And here's the batch on my homemade curing tray, all stamped up. Thanks again to nframe, that saran wrap trick works like a charm. I had almost abandoned my beautiful paisley stamp from Etsy, but with this stamping technique, it comes out perfectly every time.


----------



## sue1965 (Mar 2, 2016)

Great looking soap!  Love the colors!


----------



## likeablelady (Mar 2, 2016)

Oh wow, I just love this.... it's just beautiful


----------



## galaxyMLP (Mar 2, 2016)

Really regal looking soaps navigator. :mrgreen:


----------



## CaraBou (Mar 2, 2016)

So nice! Love them nav.


----------



## Soapsavvy (Mar 3, 2016)

Those are absolutely stunning. great job!!!


----------



## newbie (Mar 4, 2016)

Love both the swirl and the stamps. It is true that the mica swirls come off in the first wash or two but it's still pretty and fun to do.
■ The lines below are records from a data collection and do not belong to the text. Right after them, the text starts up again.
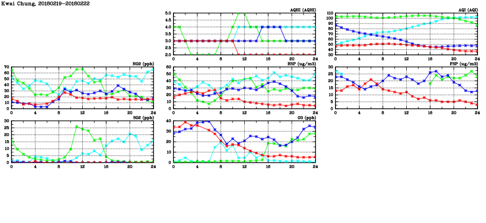 | Air Quality Data Time Series in Kwai Chung (2018/02/22) | ( Line colors: Day -3 Day -2 Day -1 Current day ) | 2D Map Current AQHI |
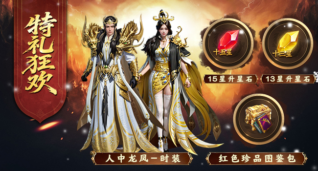 参与活动便有机会获取15星升星石,13星升星石,红色珍品图鉴包以及珍稀可进阶时装——人中龙凤!
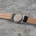 Magnifique montre du Danemark, en titane, gris argenté avec bracelet en cuir noir
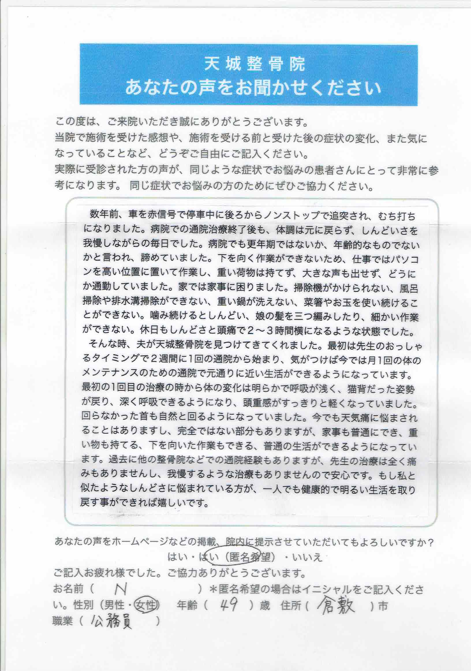 患者様の声 2026.1.5 - 倉敷市藤戸町の完全予約制整骨院〝天城整骨院〟です。
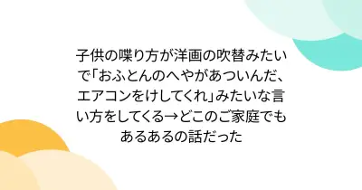 子供の喋り方が洋画の吹替みたいで「おふとんのへやがあついんだ、エアコンをけしてくれ」みたいな言い方をしてくる→どこのご家庭でもあるあるの話だった
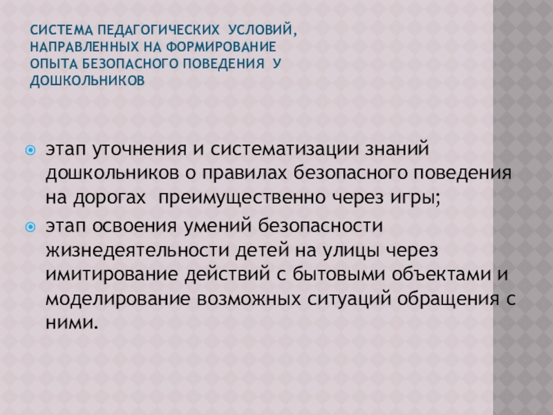 СИСТЕМА ПЕДАГОГИЧЕСКИХ УСЛОВИЙ, НАПРАВЛЕННЫХ НА ФОРМИРОВАНИЕ ОПЫТА БЕЗОПАСНОГО ПОВЕДЕНИЯ У ДОШКОЛЬНИКОВэтап уточнения и систематизации знаний дошкольников о
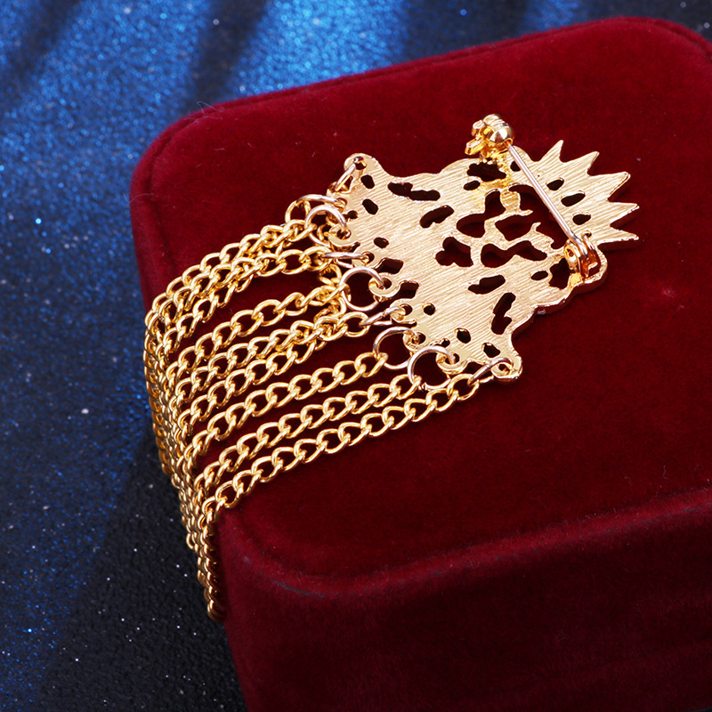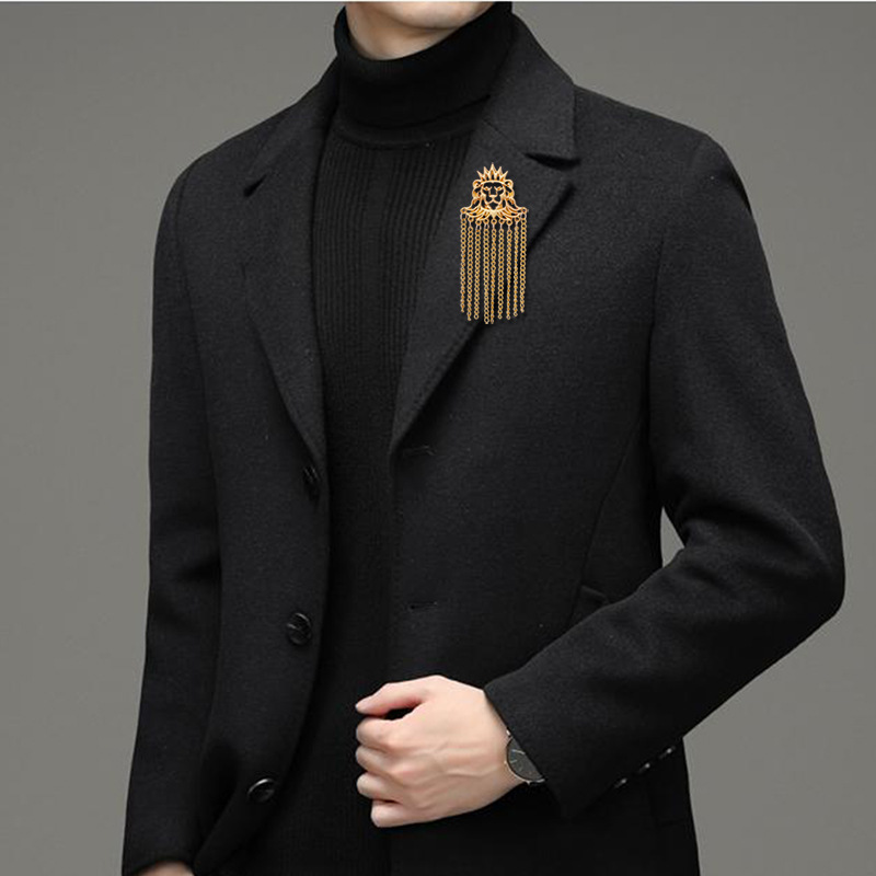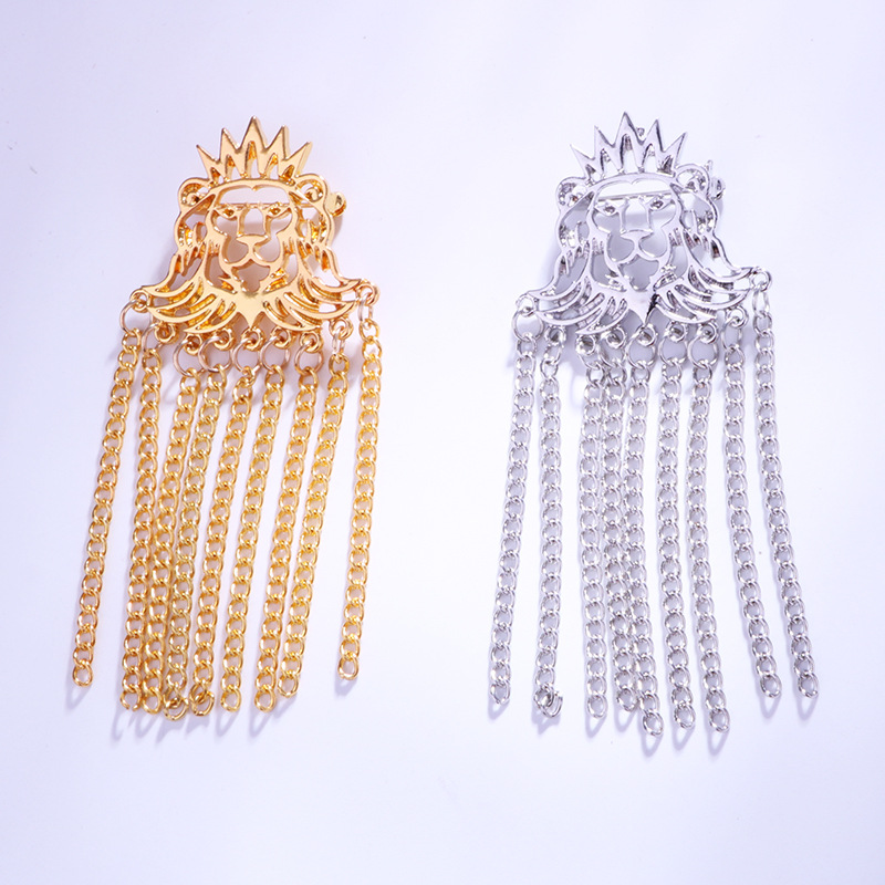 African Lion Brooch with Tassel Chain Crown Flower for Men Personalized Lion Badge for Women's Coat Accessories
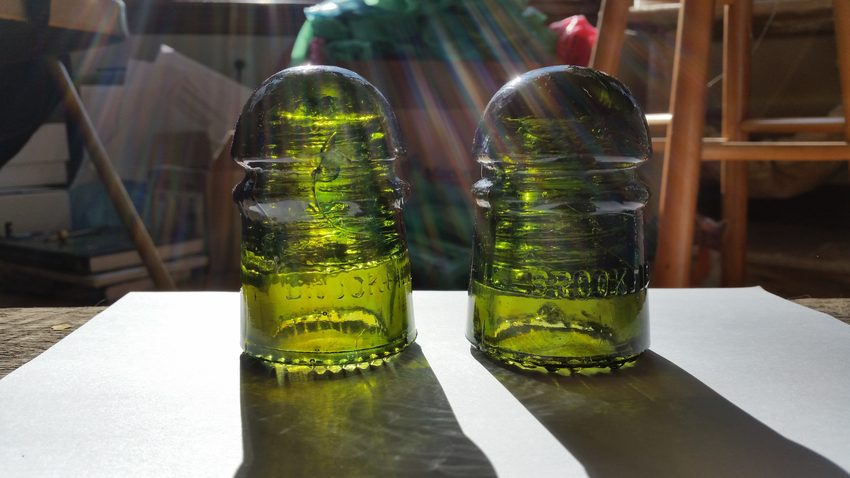 Here is a picture of them in the sun. There are amber steaks throughout but they are hard to see. The main problem is that the one has damage to almost all the drip points, and the other one has a couple of chips on the base and a chip on the upper wire guide rim. |
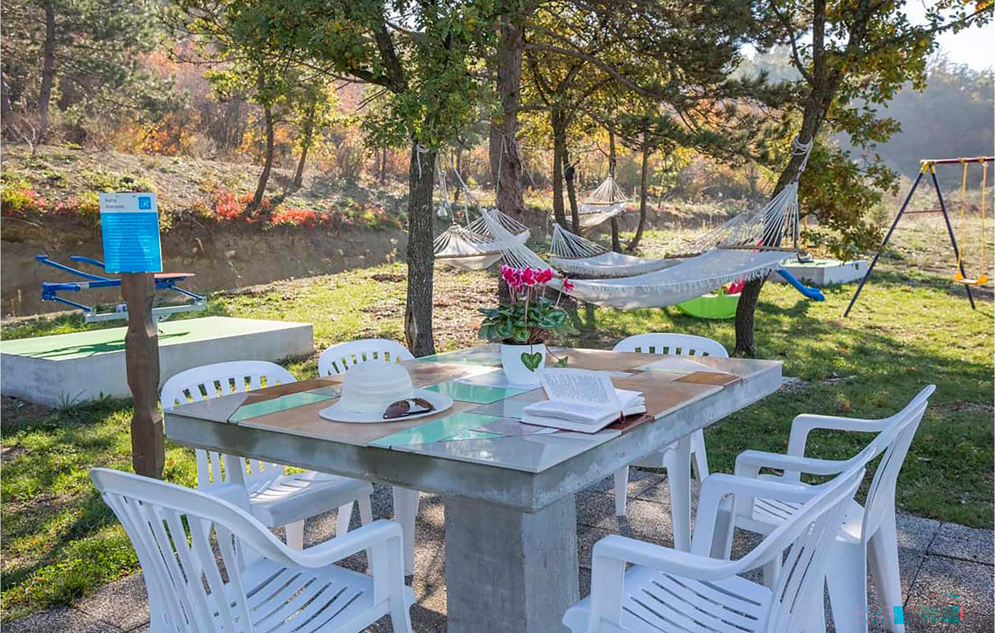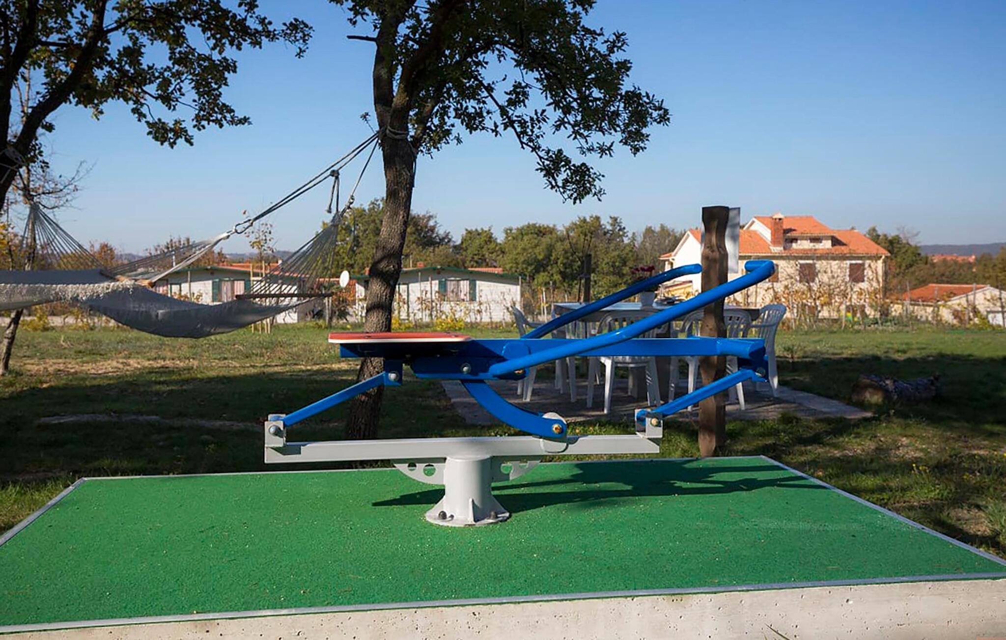 Den skyggefulde terrasse er det perfekte sted til en afslappet morgenmad eller en afslappende aften med et glas vin. Om dagen er den fælles pool ideel til solbadning. Lad op på liggestolene eller i hængekøjen, mens børnene nyder de forskellige udendørs legemuligheder.
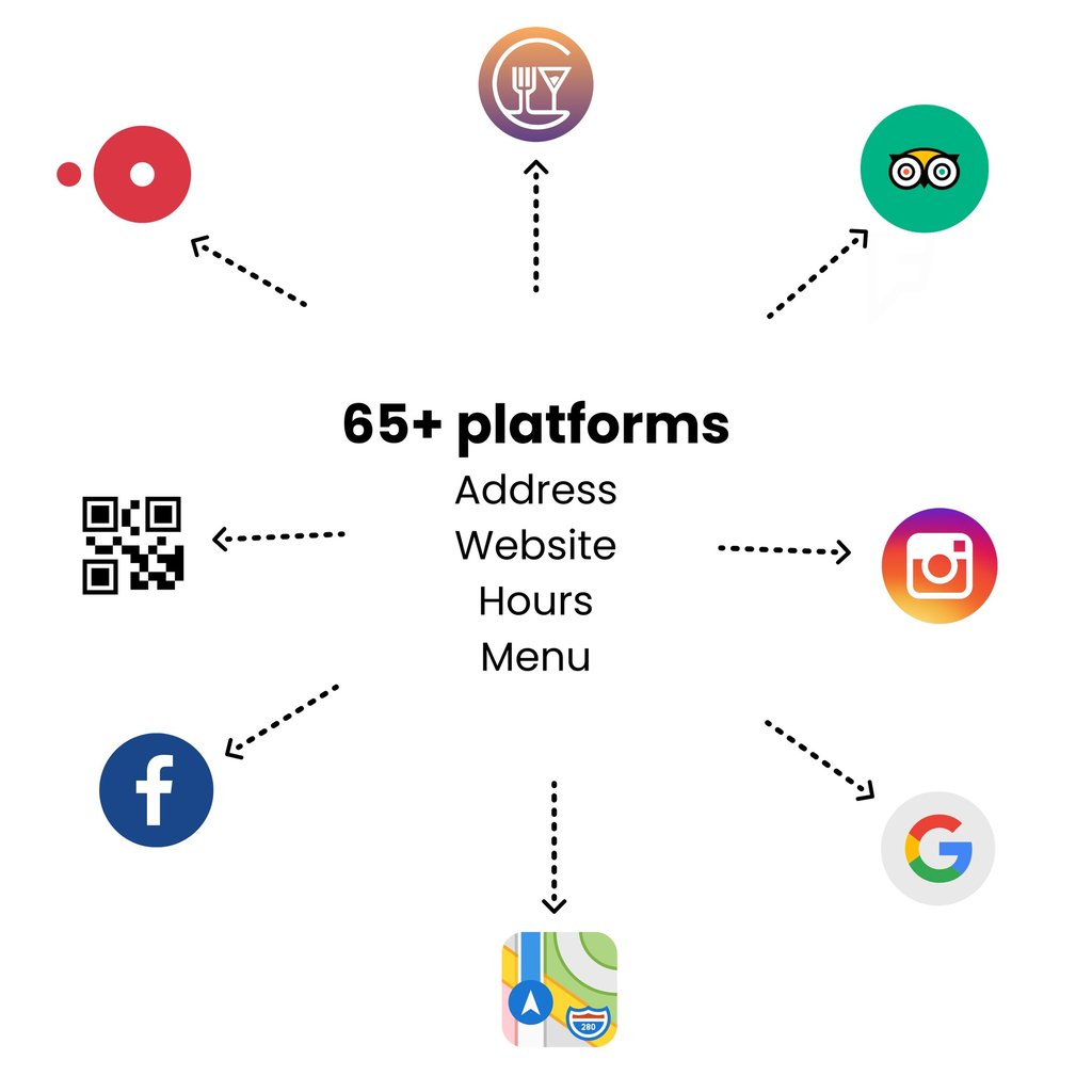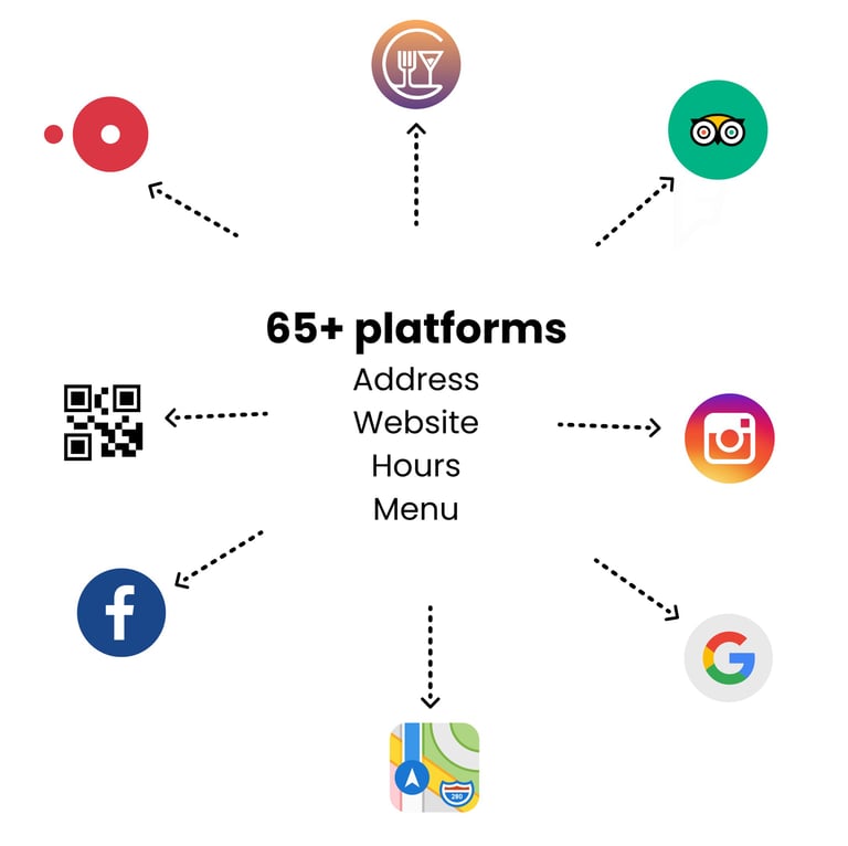 65+ different platforms. This means you'll be covered on 99% of internet traffic looking for your restaurant. The big ones we sync to that are going to bring in the most traffic are Google, Facebook, Yelp, Tripadvisor, Apple Maps, Bing, OpenTable, and 60 more.
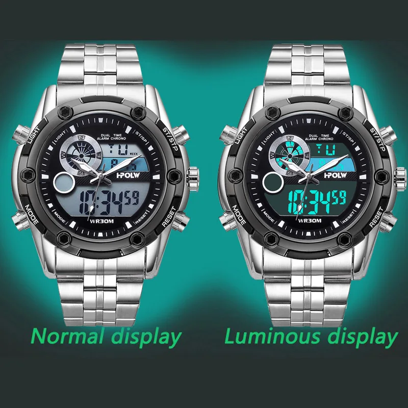 Goede Koop Mannen Sport Horloges Rvs Dual Display Horloge Digitale Analoge Militaire Leger Horloge Elektronische Quartz Horloge 30 m Waterdicht Goedkoop.
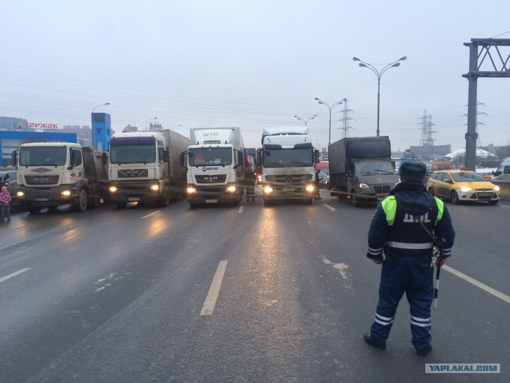 Дальнобойщики начали перекрывать МКАД 04.12.15
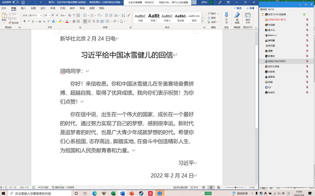 各团支部3月20日在线上开展了“学习冬奥精神,激扬青春之歌”主题团日活动。
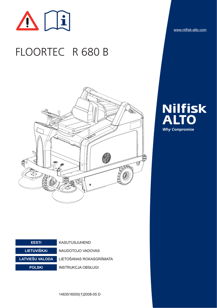 www.nilfisk-alto.com FLOORTEC R 680 B EESTI LIETUVIŠKAI LATVIEŠU VALODA POLSKI KASUTUSJUHEND NAUDOTOJO VADOVAS LIETOŠANAS ROKASGRĀMATA INSTRUKCJA OBSŁUGI 1463516000(1)2008-05 D Модел / Model / Modell / Model / Modelo / Mudel / Modèle / Malli / Model / Μοντέλο / Modell / Modello / Modelis / Modelis / Modell / Model / Modelo / Model / Model / Модель / Modell / Model / Model / Model : Declaração de conformidade Deklaracja zgodności Certificat de conformitate Заявление о соответствии Överensstämmelsecertifikat Certifikát súladu Certifikat o ustreznosti Uyumluluk sertifikası SWEEPER FLOORTEC R 680 B MI Тип / Typ / Typ / Type / Tipo / Tüüp / Type / Tyyppi / Type / Τύπος / Típus / Tipo / Tipas / Tips / Type / Type / Tipo / Typ / Tip / Тип / Typ / Typ / Tip / Tip : Conformity certificate Πιστοποιητικό συμμόρφωσης Megfelelősségi nyilatkozat Dichiarazione di conformità Atitikties deklaracija Atbilstības deklarācija Konformitetssertifisering Conformiteitsverklaring LE Сертификат за съответствие Osvědčení o shodě Konformitätserklärung Overensstemmelsescertifikat Declaración de conformidad Vastavussertifikaat Déclaration de conformité Yhdenmukaisuustodistus Сериен номер / Výrobní číslo / Seriennummer / Serienummer / Número de serie / Seerianumber / Numéro de série / Sarjanumero / Serial number / Σειριακός αριθμός / Sorozatszám / Numero di serie / Serijos numeris / Sērijas numurs / Serienummer / Serienummer / Número de série / Numer seryjny / Număr de serie / Серийный номер / Serienummer / Výrobné číslo / Serijska številka / Seri Numarası : Година на производство / Rok výroby / Baujahr / Fabrikationsår / Año de fabricación / Väljalaskeaasta / Année de fabrication / Valmistusvuosi / Year of construction / Έτος κατασκευής / Gyártási év / Anno di costruzione / Pagaminimo metai / Izgatavošanas gads / Byggeår / Bauwjaar / Ano de fabrico / Rok produkcji / Anul fabricaţiei / Год выпуска / Tillverkningsår / Rok výroby / Leto izdelave / Leto izdelave/İmal yılı : Долуподписаният потвърждава, че гореспоменатият модел е произведен в съответствие със следните директиви и стандарти. The undersigned certify that the above mentioned model is produced in accordance with the following directives and standards. A presente assinatura serve para declarar que os modelos supramencionados são produtos em conformidade com as seguintes directivas e normas. Ο κάτωθι υπογεγραμμένος πιστοποιεί ότι η παραγωγή του προαναφερθέντος μοντέλου γίνεται σύμφωνα με τις ακόλουθες οδηγίες και πρότυπα. Niżej podpisany zaświadcza, że wymieniony powyżej model produkowany jest zgodnie z następującymi dyrektywami i normami. Der Unterzeichner bestätigt hiermit dass die oben erwähnten Modelle gemäß den folgenden Richtlinien und Normen hergestellt wurden. Alulírottak igazoljuk, hogy a fent említett modellt a következő irányelvek és szabványok alapján hoztuk létre. Subsemnatul atest că modelul susmenţionat este produs în conformitate cu următoarele directive şi standarde. Undertegnede attesterer herved, at ovennævnte model er produceret i overensstemmelse med følgende direktiver og standarder. Il sottoscritto dichiara che i modelli sopra menzionati sono prodotti in accordo con le seguenti direttive e standard. Настоящим удостоверяется, что машина вышеуказанной модели изготовлена в соответствии со следующими директивами и стандартами. El abajo firmante certifica que los modelos arriba mencionados han sido producidos de acuerdo con las siguientes directivas y estandares. Toliau pateiktu dokumentu patvirtinama, kad minėtas modelis yra pagamintas laikantis nurodytų direktyvų bei standartų. Undertecknad intygar att ovannämnda modell är producerad i överensstämmelse med följande direktiv och standarder. Allakirjutanu kinnitab, et ülalnimetatud mudel on valmistatud kooskõlas järgmiste direktiivide ja normidega. Ar šo tiek apliecināts, ka augstākminētais modelis ir izgatavots atbilstoši šādām direktīvām un standartiem. Dolu podpísaný osvedčuje, že hore uvedený model sa vyrába v súlade s nasledujúcimi smernicami a normami. Je soussigné certifie que les modèles cidessus sont fabriqués conformément aux directives et normes suivantes. Undertegnede attesterer att ovennevnte modell är produsert i overensstemmelse med fölgende direktiv og standarder. Spodaj podpisani potrjujem, da je zgoraj omenjeni model izdelan v skladu z naslednjimi smernicami in standardi. Allekirjoittaia vakuuttaa että yllämainittu malli on tuotettu seuraavien direktiivien ja standardien mukaan. Ondergetekende verzekert dat de bovengenoemde modellen geproduceerd zijn in overeenstemming met de volgende richtlijnen en standaards. Aşağıda İmzası olan kişi, yukarıda bahsedilen model cihazın aşağıda verilen direktiflere ve standartlara uygunlukta imal edildiğini onaylar. FA CSI Níže podepsaný stvrzuje, že výše uvedený model byl vyroben v souladu s následujícími směrnicemi a normami. EC Machinery Directive Directiv 98/37/EC Dir 89/336/EEC EC C EMC Directive 8 EN ISO 12100-1, EN ISO 12100-2, EN 294, EN 349 EN 60335-1, EN 60335-2-72 EN 61000, EN 50366 Manufacturer: Alto Deutschland GmbH Authorized signatory: Dipl.-Ing. Wolfgang Nieuwkamp Date: 02.01.2007 Signature: Address: Guido-Oberdorfer-Straße 2-8 — D-89287 Bellenberg KASUTUSJUHEND EESTI SISUKORD SISSEJUHATUS ......................................................................................

I figure it's like make-up, superficial only but adds a little glam for the night.


----------



## dibbles (Mar 4, 2016)

So pretty Navigator, and your stamps are perfect!


----------



## Hai_Uyen (Mar 10, 2016)

Just gorgeous!


----------



## penelopejane (Mar 10, 2016)

Lovely navigator!


----------



## niclycha (Mar 16, 2016)

That is beautiful navigator


----------